Copy out all lines in the material below that contain the string "from".

[Opening RECORDED INFORMATION section]

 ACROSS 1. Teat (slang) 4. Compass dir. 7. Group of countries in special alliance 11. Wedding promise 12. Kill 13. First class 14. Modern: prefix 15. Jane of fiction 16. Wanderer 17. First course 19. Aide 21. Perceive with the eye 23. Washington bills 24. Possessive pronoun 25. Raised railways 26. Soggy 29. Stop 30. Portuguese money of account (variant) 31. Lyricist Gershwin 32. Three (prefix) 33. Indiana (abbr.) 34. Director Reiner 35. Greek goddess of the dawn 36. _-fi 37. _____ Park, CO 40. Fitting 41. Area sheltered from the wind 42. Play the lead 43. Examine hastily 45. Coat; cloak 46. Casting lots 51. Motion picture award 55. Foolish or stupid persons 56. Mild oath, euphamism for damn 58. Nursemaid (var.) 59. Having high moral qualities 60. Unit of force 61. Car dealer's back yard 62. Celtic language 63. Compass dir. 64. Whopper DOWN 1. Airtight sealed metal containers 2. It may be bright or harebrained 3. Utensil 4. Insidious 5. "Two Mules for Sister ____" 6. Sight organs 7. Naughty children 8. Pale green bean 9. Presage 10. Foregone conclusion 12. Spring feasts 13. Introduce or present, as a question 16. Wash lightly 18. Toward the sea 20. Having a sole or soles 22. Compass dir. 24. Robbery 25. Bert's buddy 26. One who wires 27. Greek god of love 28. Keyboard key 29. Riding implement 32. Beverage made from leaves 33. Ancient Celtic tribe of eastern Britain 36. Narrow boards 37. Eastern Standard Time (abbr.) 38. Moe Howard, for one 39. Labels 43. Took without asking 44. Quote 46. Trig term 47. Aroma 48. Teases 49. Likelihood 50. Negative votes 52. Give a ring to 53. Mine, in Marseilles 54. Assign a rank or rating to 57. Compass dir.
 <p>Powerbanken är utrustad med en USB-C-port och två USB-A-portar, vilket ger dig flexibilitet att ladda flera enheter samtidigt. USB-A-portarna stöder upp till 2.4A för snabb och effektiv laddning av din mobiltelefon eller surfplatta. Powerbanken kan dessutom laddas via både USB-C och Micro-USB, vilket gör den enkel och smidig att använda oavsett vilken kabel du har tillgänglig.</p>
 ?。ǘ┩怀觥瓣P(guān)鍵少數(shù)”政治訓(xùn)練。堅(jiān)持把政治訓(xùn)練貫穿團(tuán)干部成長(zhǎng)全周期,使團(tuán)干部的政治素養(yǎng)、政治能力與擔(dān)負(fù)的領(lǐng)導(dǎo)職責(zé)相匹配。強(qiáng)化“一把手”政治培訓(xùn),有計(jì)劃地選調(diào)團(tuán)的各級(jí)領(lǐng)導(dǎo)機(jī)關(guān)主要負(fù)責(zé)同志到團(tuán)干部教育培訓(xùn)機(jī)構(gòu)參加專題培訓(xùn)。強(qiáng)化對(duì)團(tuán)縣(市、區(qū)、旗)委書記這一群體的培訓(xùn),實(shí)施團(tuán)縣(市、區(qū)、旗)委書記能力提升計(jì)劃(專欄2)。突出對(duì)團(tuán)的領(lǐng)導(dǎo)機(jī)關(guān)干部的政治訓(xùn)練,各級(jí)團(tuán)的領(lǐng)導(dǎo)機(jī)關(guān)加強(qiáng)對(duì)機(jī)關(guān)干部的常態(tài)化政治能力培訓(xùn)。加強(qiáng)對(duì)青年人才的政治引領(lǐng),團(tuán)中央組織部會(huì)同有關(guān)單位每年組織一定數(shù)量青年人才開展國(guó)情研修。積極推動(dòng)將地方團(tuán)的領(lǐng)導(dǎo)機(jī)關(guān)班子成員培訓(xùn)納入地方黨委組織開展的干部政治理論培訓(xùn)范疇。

[Closing RECORDED INFORMATION section]
[Opening RECORDED INFORMATION section]

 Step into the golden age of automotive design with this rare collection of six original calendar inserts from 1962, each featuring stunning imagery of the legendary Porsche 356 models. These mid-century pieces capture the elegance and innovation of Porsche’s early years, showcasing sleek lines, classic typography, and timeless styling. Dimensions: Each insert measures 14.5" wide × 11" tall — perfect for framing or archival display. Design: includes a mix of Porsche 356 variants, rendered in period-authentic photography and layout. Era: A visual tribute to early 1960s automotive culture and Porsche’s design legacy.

[Closing RECORDED INFORMATION section]

RESULT FOR THIS EXERCISE:
 ACROSS 1. Teat (slang) 4. Compass dir. 7. Group of countries in special alliance 11. Wedding promise 12. Kill 13. First class 14. Modern: prefix 15. Jane of fiction 16. Wanderer 17. First course 19. Aide 21. Perceive with the eye 23. Washington bills 24. Possessive pronoun 25. Raised railways 26. Soggy 29. Stop 30. Portuguese money of account (variant) 31. Lyricist Gershwin 32. Three (prefix) 33. Indiana (abbr.) 34. Director Reiner 35. Greek goddess of the dawn 36. _-fi 37. _____ Park, CO 40. Fitting 41. Area sheltered from the wind 42. Play the lead 43. Examine hastily 45. Coat; cloak 46. Casting lots 51. Motion picture award 55. Foolish or stupid persons 56. Mild oath, euphamism for damn 58. Nursemaid (var.) 59. Having high moral qualities 60. Unit of force 61. Car dealer's back yard 62. Celtic language 63. Compass dir. 64. Whopper DOWN 1. Airtight sealed metal containers 2. It may be bright or harebrained 3. Utensil 4. Insidious 5. "Two Mules for Sister ____" 6. Sight organs 7. Naughty children 8. Pale green bean 9. Presage 10. Foregone conclusion 12. Spring feasts 13. Introduce or present, as a question 16. Wash lightly 18. Toward the sea 20. Having a sole or soles 22. Compass dir. 24. Robbery 25. Bert's buddy 26. One who wires 27. Greek god of love 28. Keyboard key 29. Riding implement 32. Beverage made from leaves 33. Ancient Celtic tribe of eastern Britain 36. Narrow boards 37. Eastern Standard Time (abbr.) 38. Moe Howard, for one 39. Labels 43. Took without asking 44. Quote 46. Trig term 47. Aroma 48. Teases 49. Likelihood 50. Negative votes 52. Give a ring to 53. Mine, in Marseilles 54. Assign a rank or rating to 57. Compass dir.
 Step into the golden age of automotive design with this rare collection of six original calendar inserts from 1962, each featuring stunning imagery of the legendary Porsche 356 models. These mid-century pieces capture the elegance and innovation of Porsche’s early years, showcasing sleek lines, classic typography, and timeless styling. Dimensions: Each insert measures 14.5" wide × 11" tall — perfect for framing or archival display. Design: includes a mix of Porsche 356 variants, rendered in period-authentic photography and layout. Era: A visual tribute to early 1960s automotive culture and Porsche’s design legacy.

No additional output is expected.